Demoskopen erfassen nicht nur ein vermeintlich wahrscheinliches Wählerverhalten, mit ihren pseudowissenschaftlich interpretierenden Aussagen beeinflussen sie es auch. Schon deshalb sollten seriöse Journalisten auf Nachrichten aus dem Bereich der Demoskopie verzichten. Aber Fernsehen, Hörfunk, Zeitungen und Zeitschriften machen weiter wie bisher und stellen nicht klar, um was es sich eigentlich handelt: um eine mit dem Anspruch auf Wissenschaftlichkeit bemäntelte Wahrsagerei.
Den von der Demoskopie behaupteten »repräsentativen Querschnitt« gibt es nicht. Die langjährige Chefin des Allensbach-Instituts, Elisabeth Noelle-Neumann, hat einmal bekannt, daß sie von ihren Mitarbeitern Wahlumfragen manipulieren ließ, um im Sinne der CDU das Wahlverhalten zu beeinflussen. Der Trägerin des Großen Bundesverdienstkreuzes wurde das in einer verkommenen Öffentlichkeit kaum verübelt.
Wer nur 1200 Telefonbesitzer (bei mehr als 60 Millionen Wahlberechtigten) befragt, kann wohl einmal einen Zufallstreffer erzielen, regelmäßige repräsentative Ergebnisse jedoch nicht. Die Schwankungsbreite auf derart schmaler Datenbasis beträgt, wie jeder Sozialempiriker weiß, bis zu sechs Prozent. Ein Journalist, der auf sich hält, kann so dürftig fundierte Vorhersagen nicht veröffentlichen.

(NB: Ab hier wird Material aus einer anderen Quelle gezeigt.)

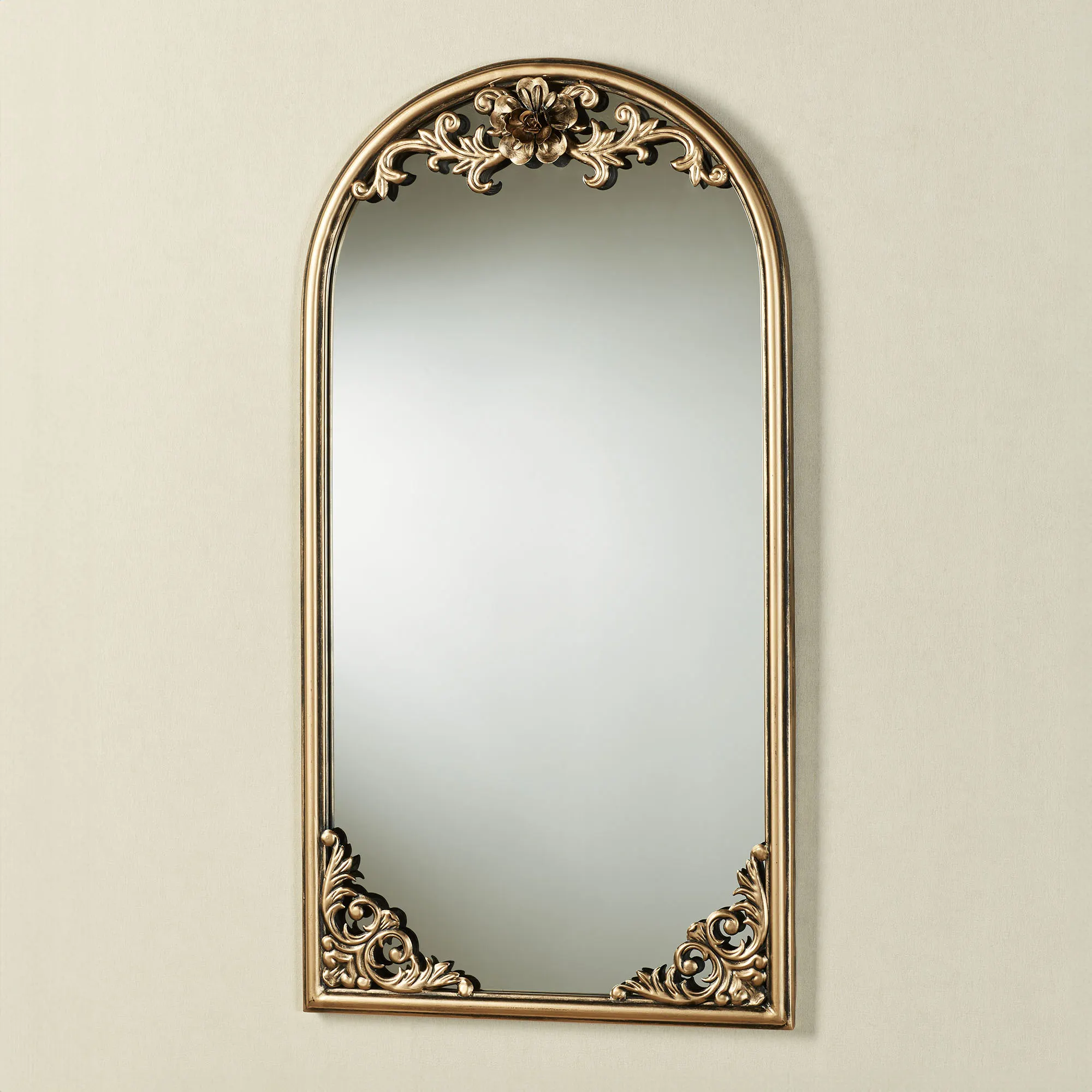 The Rosetta Arched Wall Mirror decorates with classic finery. This traditionally styled wall mirror has a mirrored glass in the center and an arched top. The aged gold metal frame has scroll, fleur, and flower designs. Measures 18"Wx2"Dx34"H; weighs approx. 12 lbs.
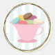 A sticker featuring an illustration of colourful French macarons in a delicate pink teacup. Illustration is surrounded by decorative circle with light blue striped background.
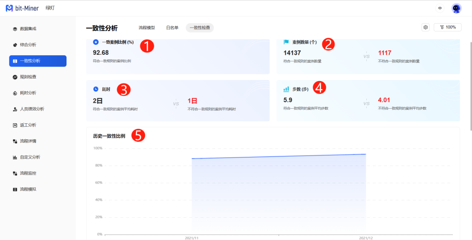根据流程模型进行一致性检查,并展示相关数据,帮助企业定位不一致情况:
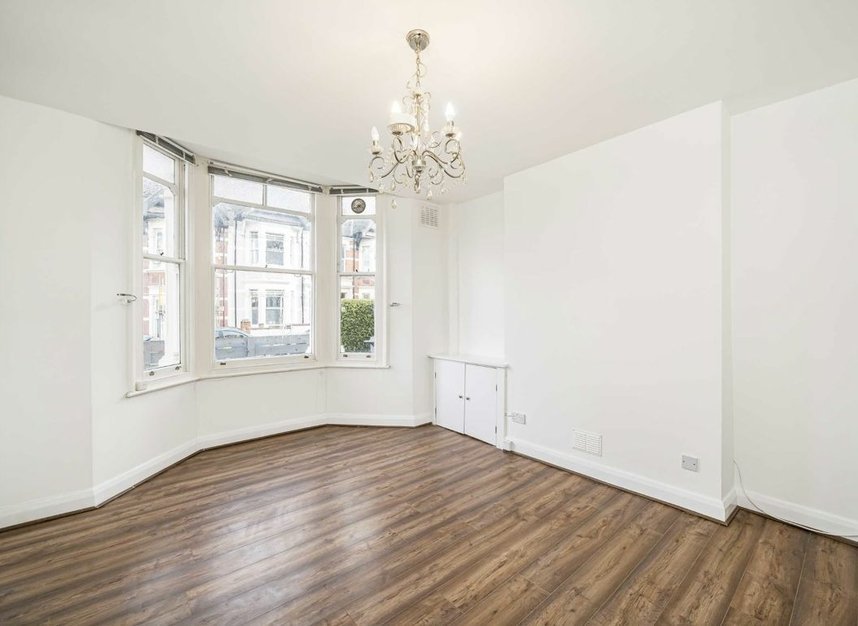 Set within a Victorian conversion is this light and spacious two double bedroom ground floor flat with a west facing garden. The property benefits from having separate eat-in kitchen, a family bathroom and en suite, high ceilings throughout, and is available chain-free.

Frank Thadeusz (ARD) fragt auf der Internet-Seite tagesschau.de: »...wem nützt die Demoskopie, wenn sie unverläßliche Daten liefert?« Die Antwort hätte er sich selbst geben können: Sie nützt zum Beispiel jenen, die ein Interesse daran haben, daß die Linkspartei klein- und die C-Parteien großgeschwätzt werden.
Zur Ablenkung von eigenen berufsethischen Defiziten dreschen viele Journalisten derzeit auf Demoskopen wie Richard Hilmer (Infratest dimap) oder Manfred Güllner (Forsa) wegen deren Fehleinschätzungen ein. Das macht, so glauben sie wohl, Selbstkritik überflüssig. Es tut ja immer gut, auf Mitschuldige am eigenen Versagen zu zeigen.
Aber die Meinungsforschungsinstitute tun, was in unserer Wirtschaftsordnung hoch geschätzt wird: Geld verdienen, und zwar so viel wie möglich. Alle, von Allensbach bis emnid, von Infratest dimap bis Forsa, manipulieren, bezeichnen das als »Interpretieren von Erhebungsergebnissen« und lassen sich ihre fragwürdige Arbeit teuer bezahlen. Auftraggeber der Demoskopen sind unter anderem die öffentlich-rechtlichen Sender, die sich dafür zahlungskräftige Kompagnons in der Privatwirtschaft gesucht haben. Die ARD kooperiert regelmäßig mit dem Stern, das ZDF mit Bild. Wer die Musik (mit)bezahlt, (mit)bestimmt bekanntlich auch die Melodie. Der Dumme ist in diesem Fall der irregeführte Rundfunkgebührenzahler.
Bei tagesschau.de ist zu lesen, laut Hilmer seien die Wähler immer gebildeter, daraus erkläre sich ihr »schwankendes Abstimmungsverhalten«. Die Veröffentlichung von Prognosen habe, so Hilmer, keinen Einfluß auf das Wahlverhalten – als würden sich nicht viele BürgerInnen gern im Mainstream bewegen. Daß Millionen täglich Bild und wöchentlich Focus kaufen und verfetteten Multimillionären wie Helmut Markwort lauschen, zeigt ihre Verführbarkeit.
Renate Köcher (Allensbach) hat, wie Thadeusz in tagesschau.de meldet, angesichts unsicherer Prognosen bereits erwogen, die Erhebungspraxis des Instituts zu ändern. Und Forsa-Chef Güllner rate davon ab, mit Prozentangaben hinter dem Komma zu arbeiten. Solche Werte seien unseriös.
Nur solche Werte und nicht die gesamte Branche? Nicht auch und vor allem ein Journalismus, der sich der Demoskopie bedient?